TQJ 4/2019, issue 78
November 2018 – January 2020

Sensomotoric bodywork in Taijiquan
By Dr Wilfried Schmidt
Movement limitations and pain are often regarded as normal accompaniments to the ageing process. Sensomotoric bodywork works on the principle that these are often the result of unconscious limiting movement patterns that can be made conscious and resolved through certain techniques. In a similar manner to Taijiquan, perception of the processes in one’s own body is trained and increasingly refined so that contractions can be dissolved and practitioners can find their way back to a natural way of moving.

Ethics, meditation and political engagement
By Klaus Moegling
We live in a time in which fundamental societal changes towards a more peaceful and ecolo- gical world seem necessary for the survival of the human race. Klaus Moegling explains that such political engagement needs to be connected with a process of personal maturation. Meditative paths of exercise such as Qigong and Taijiquan can make an essential contribution to these formative processes, which enable a transformation at the individual level. Clear self-perception and self-awareness open the way to recognising one’s own personality structure and to anchoring changes within the body.

Qigong in the prevention and healing of chronic illnesses and cancer (Part 1)
By Zheng Buyin
The health-promoting effect of Qigong is also being increasingly recognised in Europe, even if it is often not possible to say precisely how this effect arises. Zheng Buyin explains from the perspective of Chinese medicine how illnesses arise and how, in particular, standing exercises can help us to perceive unhealthy changes within the body at an early stage and to dissolve the blockages that cause these. In the following issue he will demonstrate how the »horse stance« and »standing like a tree« can be trained in an optimum manner.

A voyage of discovery through the Taiji form
Dingshi as a path to learning the basics of Taijiquan
By Janudin Setiawan
One characteristic of Taijiquan is the continual flow of motion. However, in the course of trai- ning it can be useful to remain a moment in the various end positions of the form movements. Here one can devote more attention to one’s own posture and improve this in line with the basic Taiji principles. This method is known as Dingshi. Janudin Setiawan explains essential aspects of this training method on the basis of the Zheng Manqing/Huang Xingxian tradition.

氣 Qì
An Asian paradox in a multi-perspective critical examination, Part 2: Qi in Taijiquan
By Peter Kuhn
In Qigong and in Taijiquan we make reference to Qi without perhaps being able to precisely explain what we mean by this. In the first part of his article, Peter Kuhn examined this phenomenon from various perspectives and questioned common translations such as ›energy‹ or ›life force‹. In the second part he looks at how the term is used in martial arts and above all in Taijiquan, and interprets Qi as an attempt to make observed processes understandable by labelling them.

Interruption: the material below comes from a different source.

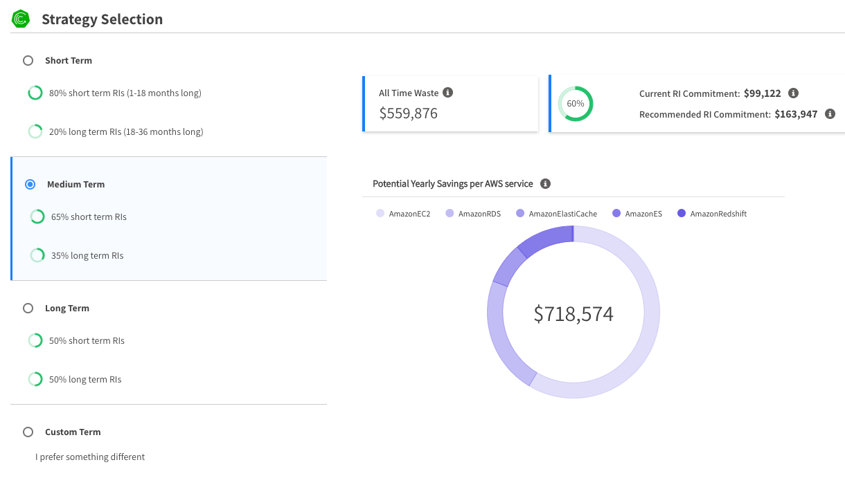 After you click Choose Strategy in the Dashboard’s Analysis page (Eco AWS), select a reserved instance (RI) strategy in the Strategy Selection page.
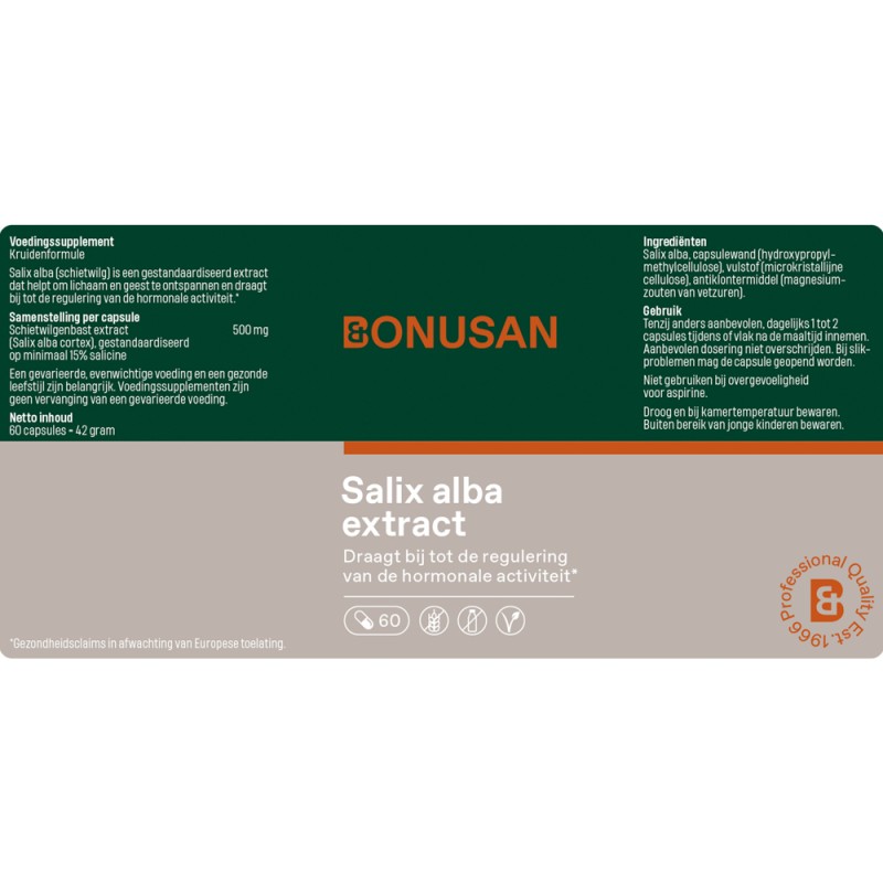 De bast van Salix alba (schietwilg) is rijk aan salicine, een stof die in het lichaam wordt omgezet in salicylzuur. Salix alba extract is gestandaardiseerd op 15% salicine.

Finding the roots in winter
By Katrin Blumenberg
In winter the best approach for us is to come to rest and direct our energies inwards, as nature shows us. In the third part of Katrin Blumenberg’s series in which she takes a psychosomatic-based view of the organ function spheres, she shows how collecting our energy and letting it settle can strengthen us from within and also gives us the opportunity to address deep-seated fears that are stored in the kidneys. Instead of lapsing into a winter torpor, we can remain in motion through Qigong and simultaneously experience calm. We can sense and investigate our own roots and if necessary grow new ones.